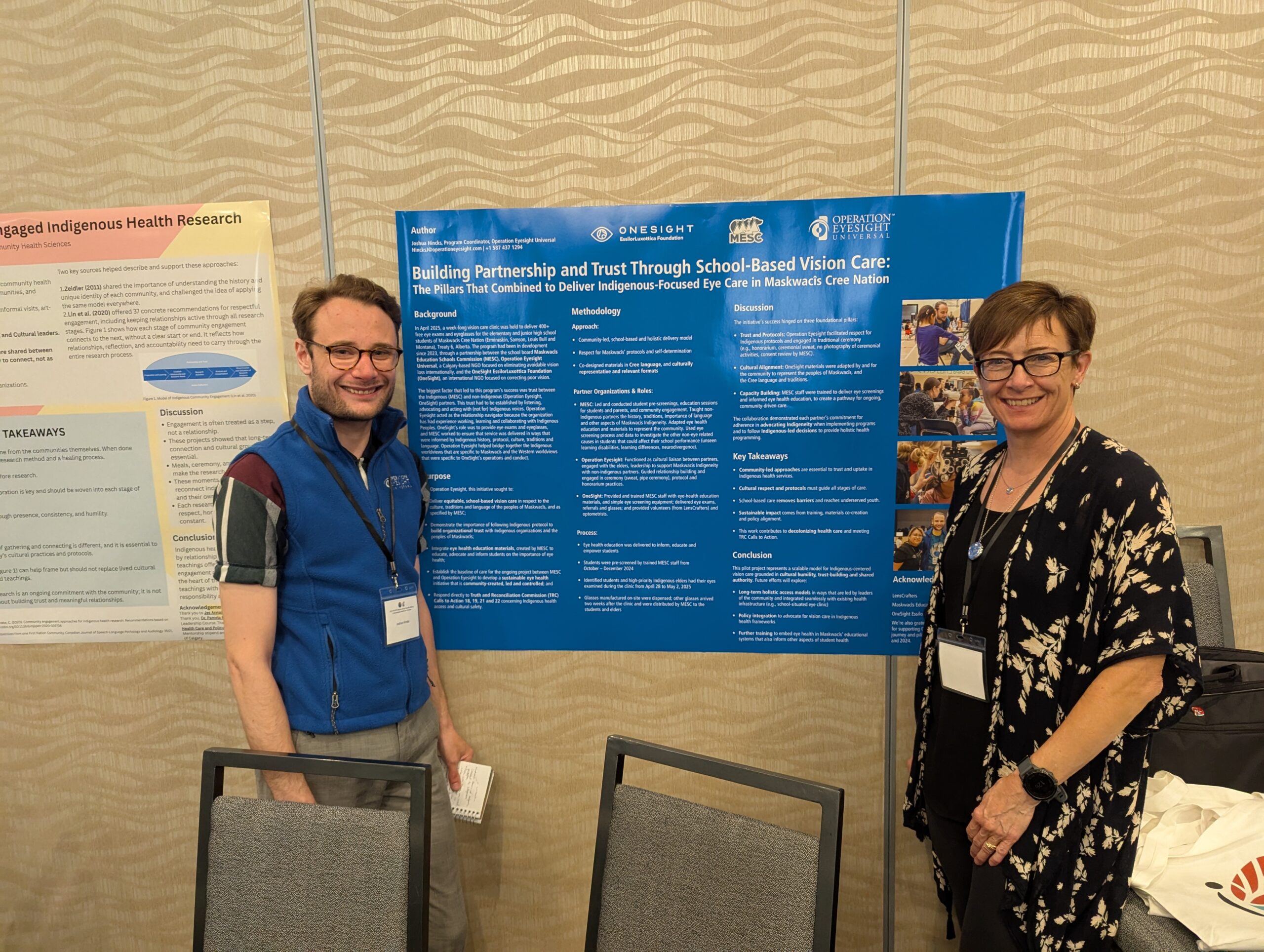 My work primarily focuses on SDG 3 (Good Health and Well-being); SDG 5 (Gender Equality); SDG 10 (Reduced Inequalities); SDG 11 (Sustainable Cities and Communities); and SDG 17 (Partnerships for the Goals). The project I’m most proud of had been in development for two years and culminated in an event that took place between April 28 and May 2, 2025, which is best read about here. I, alongside my colleagues at Operation Eyesight, worked to manage the relationships between Operation Eyesight, Maskwacis Education Schools Commission (MESC), and the OneSight EssilorLuxottica Foundation (OneSight) throughout those two years of development.
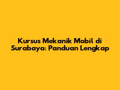 Kursus Mekanik Mobil Surabaya: Panduan Lengkap
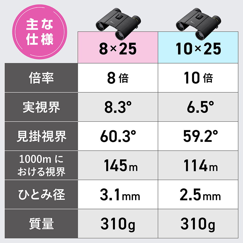 8×25は見掛け視界 60.3°の広視界タイプで、臨場感あふれる観察体験を可能にします。
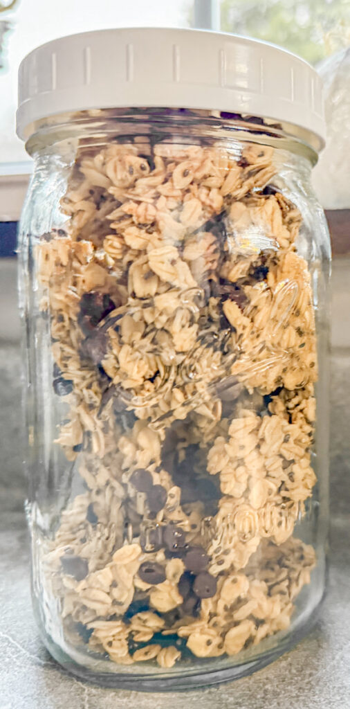 - The granola will last for a couple of weeks in an airtight container. Mason jars with screw on lids work great for storing.
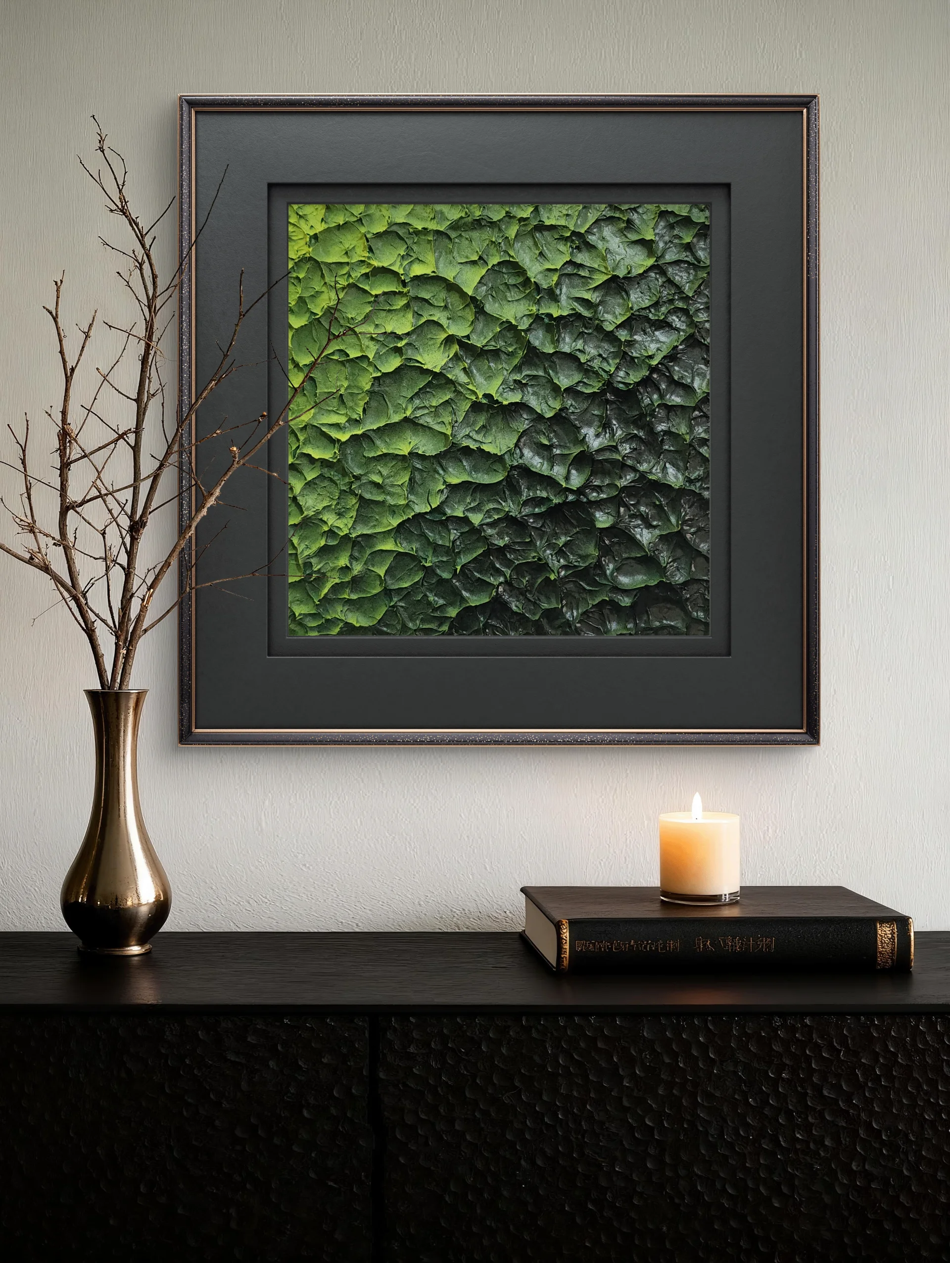 Dardraken Skin represents the third installment in my Dragon Skins series, showcasing a meticulously crafted textured surface that captures the layered complexity of mythical dragon hide. Constructed from a proprietary acrylic mixture, each piece features dimensional relief work that mimics natural scale formations. The composition employs premium acrylic spray paints in turquoise, metallic silver, black, and neon yellow, creating a sophisticated chromatic interplay. A protective varnish topcoat delivers a glossy finish that enhances depth perception and produces a lifelike, animate quality. This sculptural work demonstrates advanced material manipulation and color theory application, making it a distinguished addition to any curated collection.
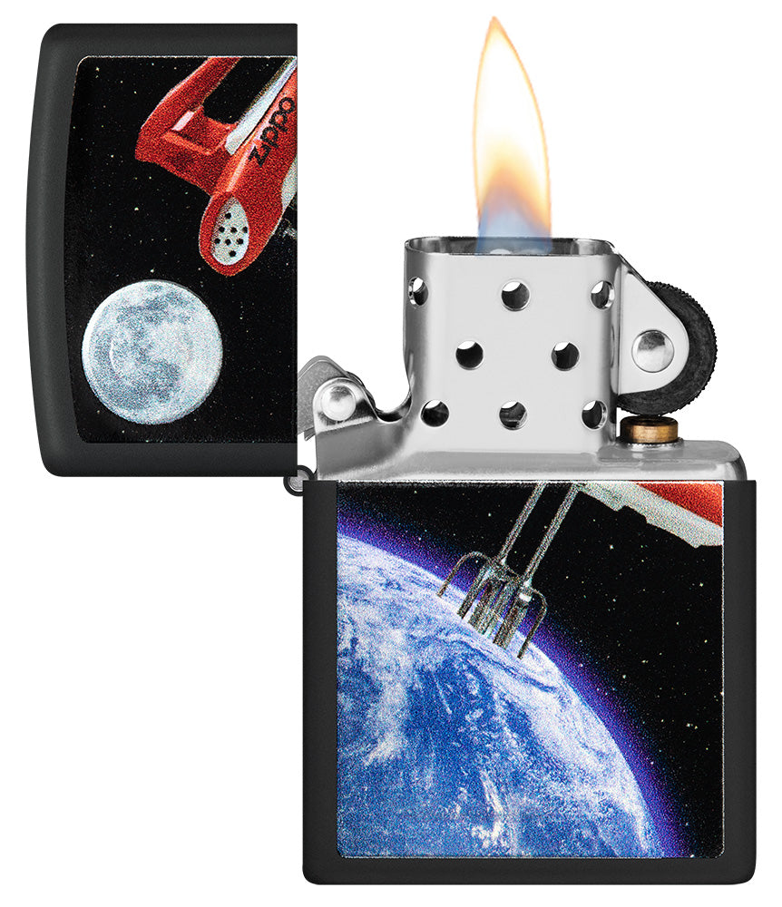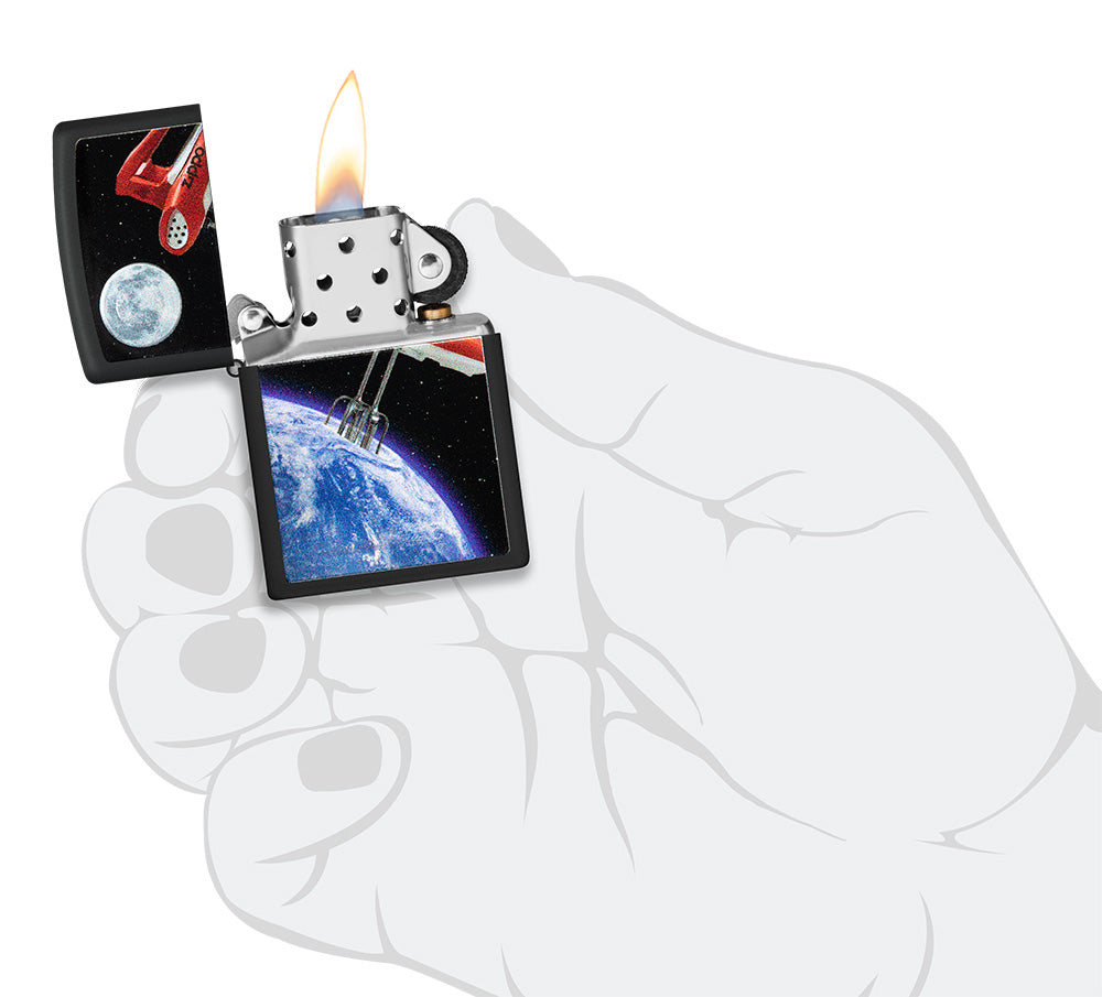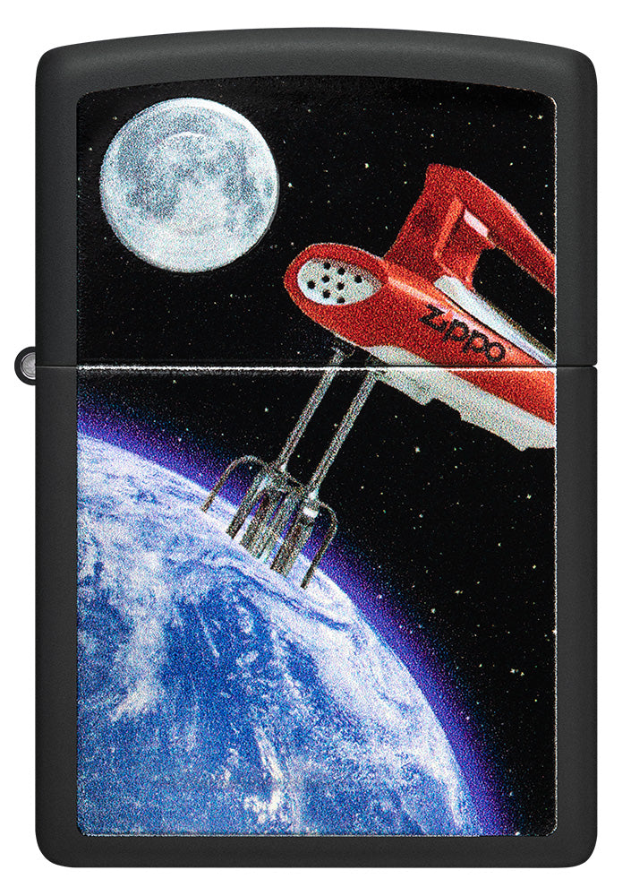 A giant Zippo mixer whips the Earth's clouds into a light and airy froth on this Black Matte lighter. The Texture Print design rises from the lighter's surface for a three-dimensional effect.

——

DIRECTIONS FOR THIS TASK. For the material above, repeat each line exactly and leave out the pictures.

RESPONSE AREA.
 My work primarily focuses on SDG 3 (Good Health and Well-being); SDG 5 (Gender Equality); SDG 10 (Reduced Inequalities); SDG 11 (Sustainable Cities and Communities); and SDG 17 (Partnerships for the Goals). The project I’m most proud of had been in development for two years and culminated in an event that took place between April 28 and May 2, 2025, which is best read about here. I, alongside my colleagues at Operation Eyesight, worked to manage the relationships between Operation Eyesight, Maskwacis Education Schools Commission (MESC), and the OneSight EssilorLuxottica Foundation (OneSight) throughout those two years of development.
 Kursus Mekanik Mobil Surabaya: Panduan Lengkap
 8×25は見掛け視界 60.3°の広視界タイプで、臨場感あふれる観察体験を可能にします。
 - The granola will last for a couple of weeks in an airtight container. Mason jars with screw on lids work great for storing.
 Dardraken Skin represents the third installment in my Dragon Skins series, showcasing a meticulously crafted textured surface that captures the layered complexity of mythical dragon hide. Constructed from a proprietary acrylic mixture, each piece features dimensional relief work that mimics natural scale formations. The composition employs premium acrylic spray paints in turquoise, metallic silver, black, and neon yellow, creating a sophisticated chromatic interplay. A protective varnish topcoat delivers a glossy finish that enhances depth perception and produces a lifelike, animate quality. This sculptural work demonstrates advanced material manipulation and color theory application, making it a distinguished addition to any curated collection.
 A giant Zippo mixer whips the Earth's clouds into a light and airy froth on this Black Matte lighter. The Texture Print design rises from the lighter's surface for a three-dimensional effect.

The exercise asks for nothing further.